Aceh Tengah memiliki beragam macam sumber daya alam yang menjadikan pariwisata di takengon begitu dikenal oleh masyarakat luas, salah satunya yaitu Danau lut tawar. Akhir-akhir ini tanoh gayo dibooming-kan oleh penemuan batu yang saat ini menjadi fenomena dikalangan masyarakat.

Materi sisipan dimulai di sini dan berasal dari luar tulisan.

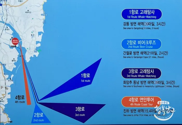 4개 코스 출항지점, 도착지점은 장생포항으로 동일합니다.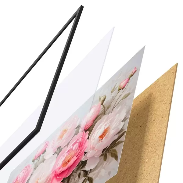 Le poster se compose d'un cadre, d'un plexiglas, d'une image imprimée et d'un support en aggloméré. Le poster peut être immédiatement accroché au mur grâce aux fixations au dos.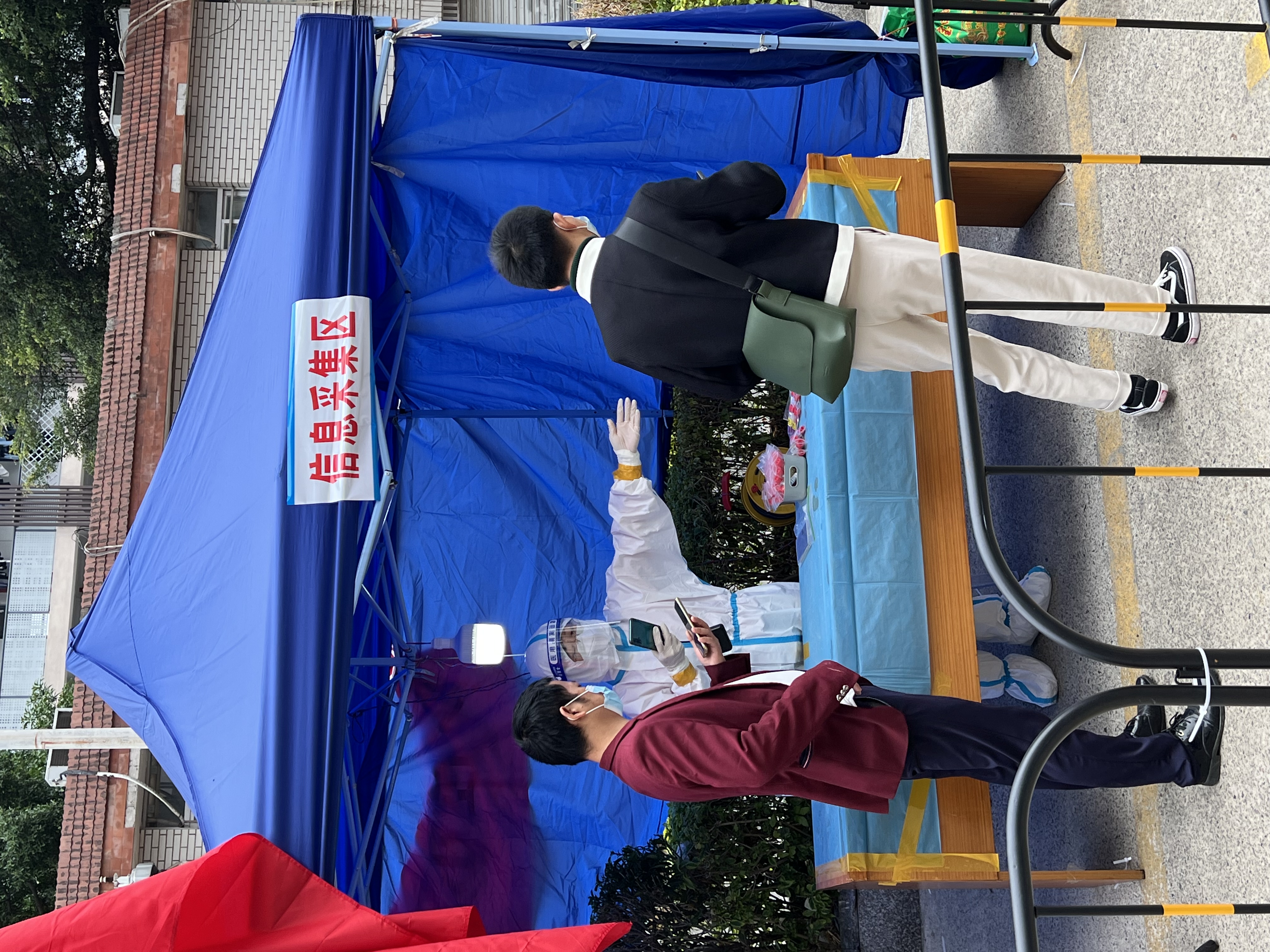 “請大家間隔一米,保持安全距離”“請佩戴好口罩”“請大家提前出示檢測二維碼”……在校內(nèi)全員核酸檢測現(xiàn)場,章青松化身掃碼員或引導員,與黨員教師志愿者并肩戰(zhàn)斗,全程配合。他們分工明確、配合默契,保障了核酸檢測工作的順利完成,用實際行動筑牢戰(zhàn)“疫”堡壘。

Batu ini disebut batu giok karena memiliki warna dan tekstur yang baik digunakan dan dipajang. Seperti kita ketahui giok pertama kali dipakai oleh rakyat cina. Hal ini tidak lagi menjadi acuan oleh orang-orang tertentu. Karena seluruh masyarakat indonesia hingga kini telah menjadikan batu giok sebagai perhiasan yang digunakan baik laki-laki maupun perempuan.
Kategori giok yang berada di dataran tinggi gayo diantaranya giok lumut, giok solar dan indocrase lumut. Ini merupakan fenomena yang dapat meningkatkan PAD dari sumber daya alam yang berada di tanoh gayo dan menjadi daya tarik tersendiri bagi wisatawan untuk melihat langsung pembuatan dari bermacam-macam giok
Batu giok terbaik di Aceh Tengah memiliki kualitas yang telah mendunia, dimana batu-batu tersebut dinilai keras dan tergolong jenis batu mulia. Batu giok takengon memiliki kadar kekerasan 7,2 Skala Moh’s batu giok minyak atau air tebu diperoleh dari lumut, isaq.
Batu giok asal Gayo khususnya banyak dicari pecinta batu kelas dunia. Bahkan, batu giok ini penjualannya sudah sampai ke Singapura dan Jepang. Jenis batuan giok ini sering di dapat di sekitaran Isaq.
Beruntung saat ini pemerintah daerah mulai turun tangan agar keberadaan batu giok di Gayo lebih tertib dari segi penataan serta memberikan nilai ekonomis bagi masyarakat.